Неподалеку от памятника был Лермонтовский мостик, и Женя, конечно же, сбегала к нему. Мостик не очень старый, и, как подумала Женя, вряд ли поэт был даже вблизи того места, где он находился. Но то, что Лермонтов дважды был в Геленджике, это, по словам Инки, совершенно точно известно и документально подтверждено: из Тамани на почтовом парусном судне он прибыл сюда, в маленькое военное укрепление, построенное для защиты от горцев, и останавливался здесь, а потом, кажется, поехал в Михайловское укрепление, где теперь Архипо-Осиповка. И будто бы, как о том сухо повествует выписка из послужного списка, копию которого ей любезно предложили почитать в краеведческом музее (куда во что бы то ни стало велела ей заглянуть Инка), там Лермонтов был при фуражировке и неоднократно участвовал в военных экспедициях, в перестрелках и стычках у речек Вулан и Пшада. Однако в музее Женю предупредили, что этот послужной список, составленный незадолго до гибели поэта, не заслуживает полного доверия и факты пребывания Лермонтова на кавказской линии еще ждут своего исследователя. Женя с удивлением отметила, что интересы Инки потихоньку становятся и ее интересами. Ошеломила Женю неожиданная встреча с одной женщиной в подсобных комнатах музея. Так может повезти только раз в жизни, и уж это Инка оценит наверняка.

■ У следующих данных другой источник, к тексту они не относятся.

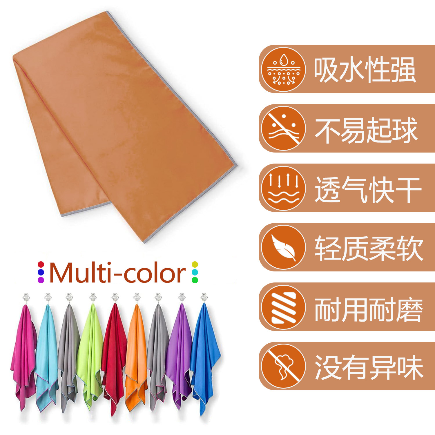 도매 여름 땀 흡수성 멸균 야외 자외선 차단제 수영 수건 단색 양면 벨벳 스포츠 타월 체육관 땀 닦아

Женя сидела в тесной комнатке со стеллажами и шкафами, набитыми разными книгами, папками с бумагами и документами, фотографиями, и читала копию послужного списка Лермонтова. Краем уха она слышала, как пришла какая-то старушка навести справки — не осталось ли каких-либо материалов о ее сыне-моряке, погибшем под Новороссийском во время высадки легендарного десанта Куникова. Потом в комнату еще кто-то вошел. Услышав имя Лермонтова, Женя подняла голову.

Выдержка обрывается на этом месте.